Some of you who have been around here longer than some of the others will probably understand what I’m talking about when I say that earlier on, there were a whole lot more unique and tantalizing loans than we get to see now. Whether it’s because of the now too predictable demise (or severance from Kiva) of the smaller, more shoestring, sort of community-generated Field Partners, coupled with Kiva’s tendency, now, to partner up with much larger, much more established and so, much “safer” MFIs, the loans, now, often have a tendency to seem much more cookie-cutter, much more (forgive me) “run of the mill” than they used to be, and that, when
the loans were a whole lot fewer in number than they are now.
As a consequence, loans like the
School For Special Children that’s been “locked up” almost from the moment it first came on tonight are pretty few and far between. In my mind, it’s that kind of loan that has the greatest likelihood of snagging the first-time visitor or convincing that website window-shopper to actually come on in to sample the wares.

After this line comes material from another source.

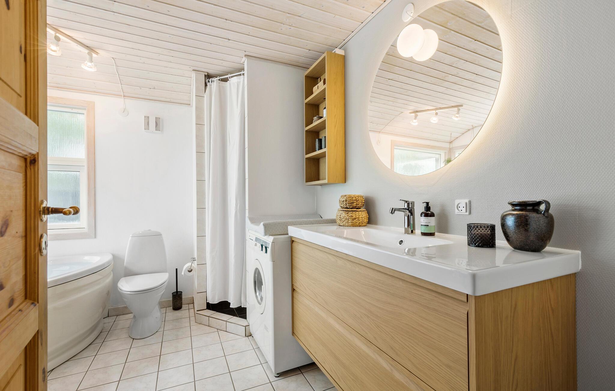 Entspannen Sie in diesem lichtdurchfluteten Ferienhaus mit Sauna, Whirlpool und großer Terrasse nahe Øer Strand in Dänemark.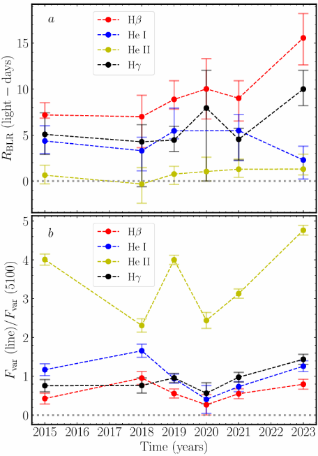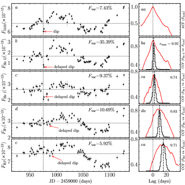 本工作依托云南天文台2.4米望远镜, 对NGC 5548在2023观测季进行了74次光谱监测,利用反响映射方法的进行了处理,分别得到了四条发射线非常明显的时间延迟效应。研究发现各条发射线发射区的径向分层结构显著并且稳定,但各发射区的动力学性质随以年为单位的观测季发生了显著演化。这激励研究团队结合观测数据对宽线区进行进一步的动力学建模研究。

But most people don’t even have a chance at a loan like that, anymore. I’ve been following it as it’s crawled from something like 36 to 43 to 50 and now to 57%
actually filled while it’s been for all intents, “closed” because supposedly, the entire amount has been “
raised so far” almost from the beginning of the time it first appeared. And that even though every several minutes, a familiar face somehow miraculously manages to get in on what had otherwise seemed to be a loan that was totally closed out.
Can you guys not imagine how frustrating it has to be to people, particularly those who have not even found the Forum, to see loans like that and not to have even a chance at them? Can you really not put yourself in the place of someone who sees a really attractive loan, fleetingly, maybe even repeatedly, but for reasons they can't for the life of themselves, figure out, finds they just never can get in on it, though it seems like other people have found a way?
I swear I’m not feeling holier-than-thou or superior and self-righteous about it. At all. Truth be told, most of the people on this loan and on many of the other loans that seem to get locked up almost as soon as they appear are some of my favorite people here and are people whom I know to have great and wonderful hearts. Sure, on the particular loan, tonight, no question that it was one I would have loved to get in on, but it's not about me. And really, you have to know in your hearts of hearts that it's not about you, either. It's about Kiva and about everybody having an equal chance at the loans you and I find so appealing. The entrepreneurs are going to get funded, one way or the other. So, in a certain way, this is not about them, at least not about the current ones, who seem pretty safe so far as getting their loans filled by someone at Kiva goes.
Anyway, go ahead and disagree with me if that's how it turns out, but please, before you write me and what I'm writing off, please try and think about it from the perspective of someone who isn’t in the “club” and might not even have a clue about how to get in, assuming they’d even want to.
I sign with caring,
Jill
The loan has now inched up to 64% actually filled with at least one additional team member's photo posted since I'd last looked.